Work task:
From the first line to the last, restate every record word for word, leaving out the pictures.

(Records contained in a dataset)
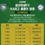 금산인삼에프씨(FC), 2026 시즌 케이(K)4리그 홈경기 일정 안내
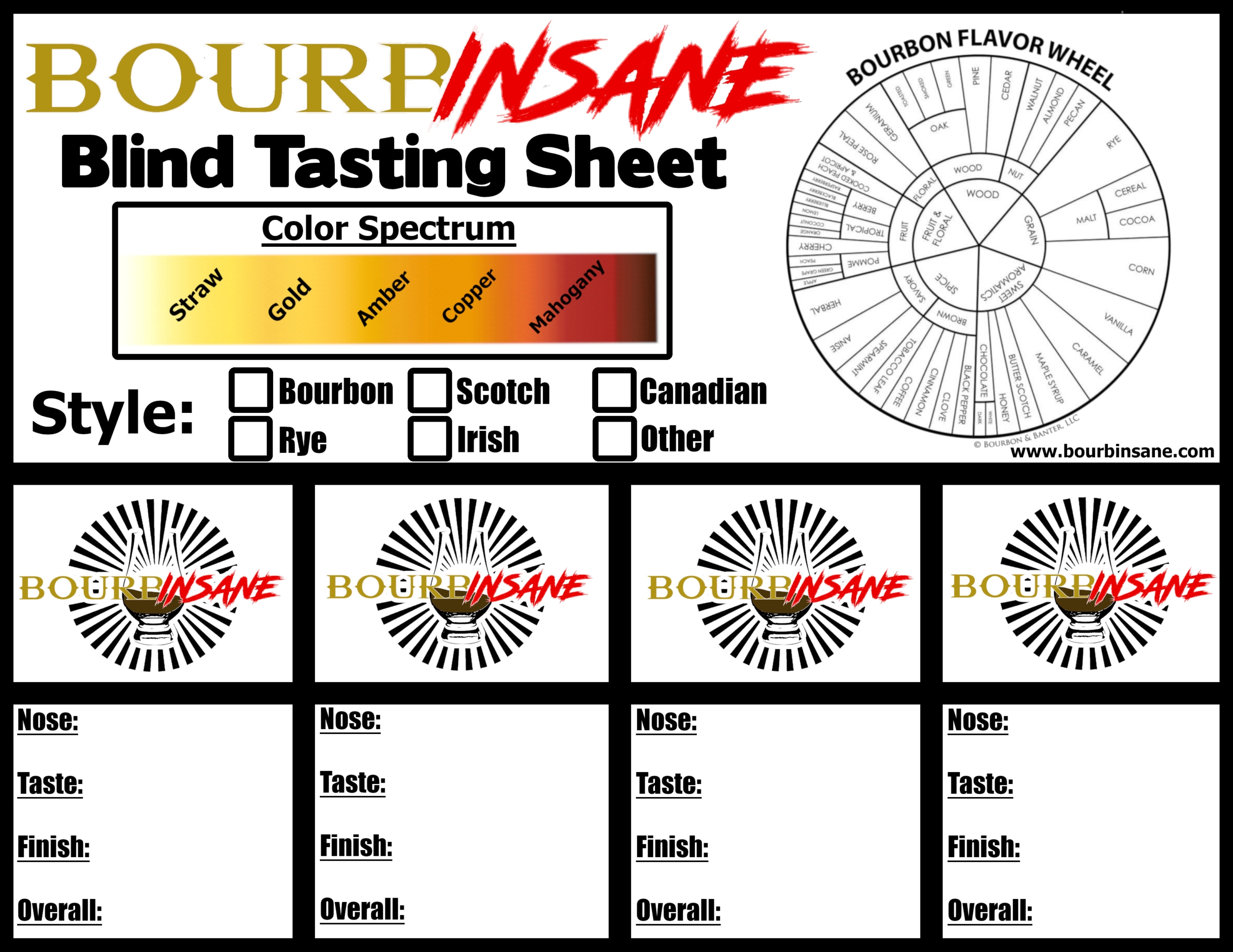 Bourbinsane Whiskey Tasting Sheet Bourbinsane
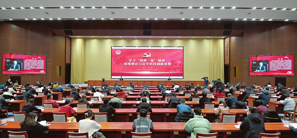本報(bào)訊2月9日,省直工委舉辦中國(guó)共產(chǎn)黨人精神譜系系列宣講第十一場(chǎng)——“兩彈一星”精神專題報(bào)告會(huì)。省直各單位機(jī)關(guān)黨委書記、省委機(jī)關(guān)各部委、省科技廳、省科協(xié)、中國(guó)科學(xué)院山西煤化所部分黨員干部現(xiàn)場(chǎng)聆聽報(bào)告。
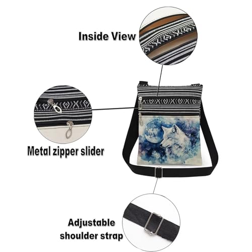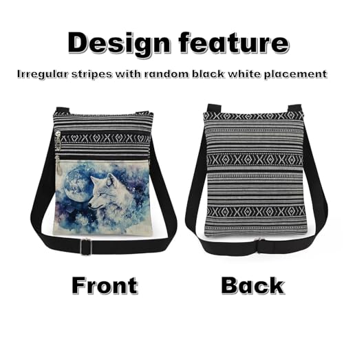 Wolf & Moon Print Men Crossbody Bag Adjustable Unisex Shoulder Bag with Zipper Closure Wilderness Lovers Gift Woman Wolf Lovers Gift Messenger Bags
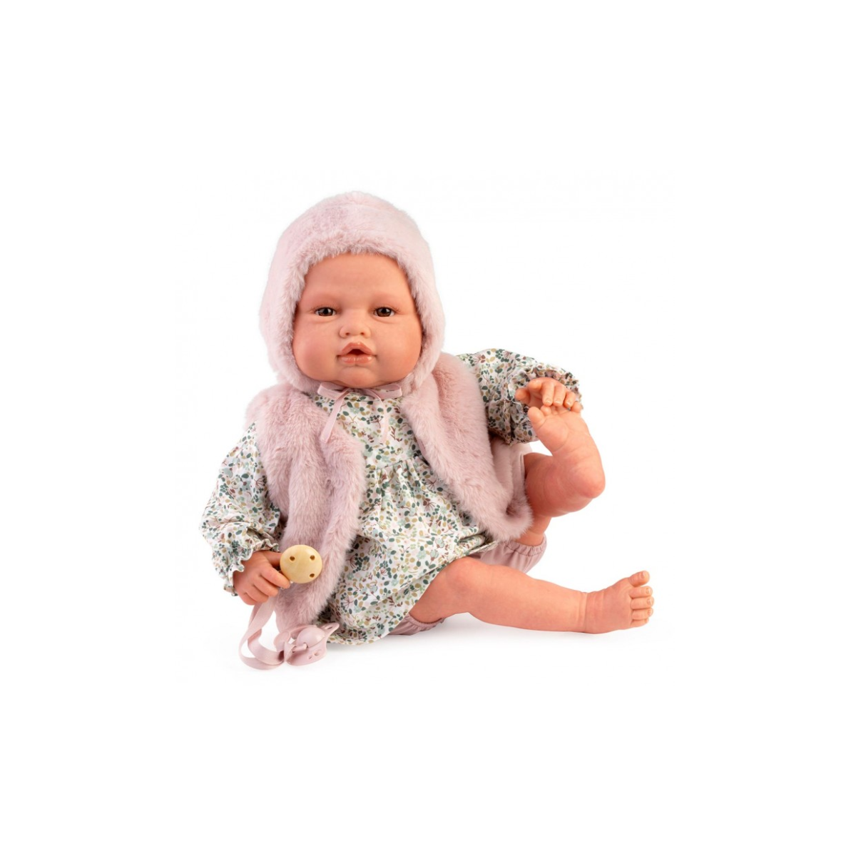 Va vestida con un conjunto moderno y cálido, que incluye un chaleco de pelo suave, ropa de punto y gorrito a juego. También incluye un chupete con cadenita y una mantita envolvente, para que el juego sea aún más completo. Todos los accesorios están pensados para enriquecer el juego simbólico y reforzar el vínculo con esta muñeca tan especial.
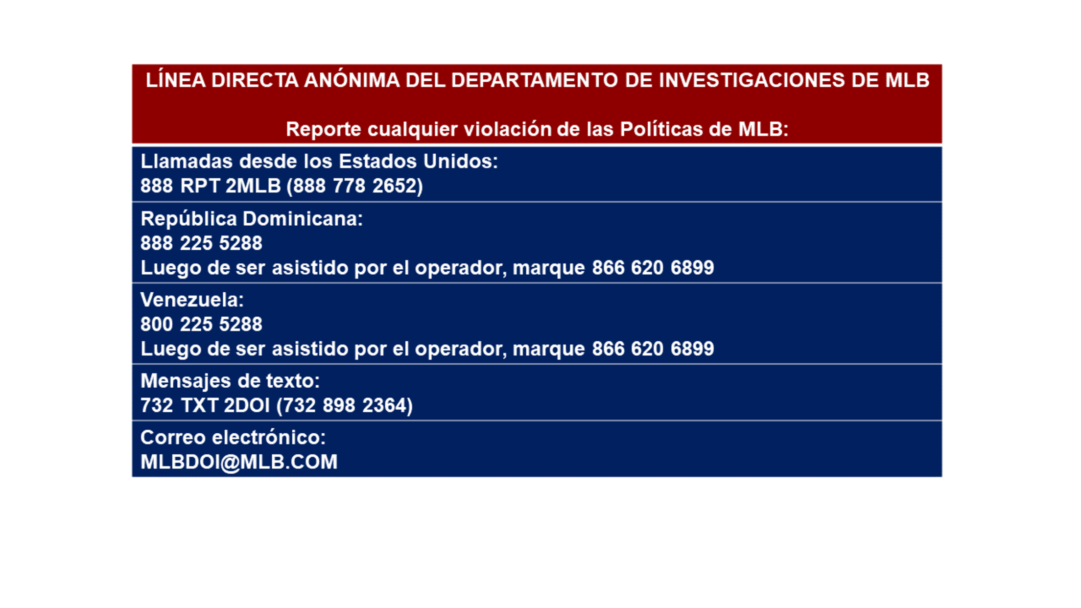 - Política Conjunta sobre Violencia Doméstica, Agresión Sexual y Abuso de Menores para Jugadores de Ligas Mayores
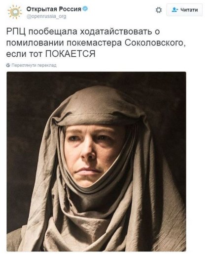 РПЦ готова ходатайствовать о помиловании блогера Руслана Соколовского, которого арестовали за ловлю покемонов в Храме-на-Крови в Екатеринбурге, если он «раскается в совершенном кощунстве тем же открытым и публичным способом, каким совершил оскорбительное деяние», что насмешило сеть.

Expected output:
 금산인삼에프씨(FC), 2026 시즌 케이(K)4리그 홈경기 일정 안내
 Bourbinsane Whiskey Tasting Sheet Bourbinsane
本報(bào)訊2月9日,省直工委舉辦中國(guó)共產(chǎn)黨人精神譜系系列宣講第十一場(chǎng)——“兩彈一星”精神專題報(bào)告會(huì)。省直各單位機(jī)關(guān)黨委書記、省委機(jī)關(guān)各部委、省科技廳、省科協(xié)、中國(guó)科學(xué)院山西煤化所部分黨員干部現(xiàn)場(chǎng)聆聽報(bào)告。
 Wolf & Moon Print Men Crossbody Bag Adjustable Unisex Shoulder Bag with Zipper Closure Wilderness Lovers Gift Woman Wolf Lovers Gift Messenger Bags
 Va vestida con un conjunto moderno y cálido, que incluye un chaleco de pelo suave, ropa de punto y gorrito a juego. También incluye un chupete con cadenita y una mantita envolvente, para que el juego sea aún más completo. Todos los accesorios están pensados para enriquecer el juego simbólico y reforzar el vínculo con esta muñeca tan especial.
 - Política Conjunta sobre Violencia Doméstica, Agresión Sexual y Abuso de Menores para Jugadores de Ligas Mayores
 РПЦ готова ходатайствовать о помиловании блогера Руслана Соколовского, которого арестовали за ловлю покемонов в Храме-на-Крови в Екатеринбурге, если он «раскается в совершенном кощунстве тем же открытым и публичным способом, каким совершил оскорбительное деяние», что насмешило сеть.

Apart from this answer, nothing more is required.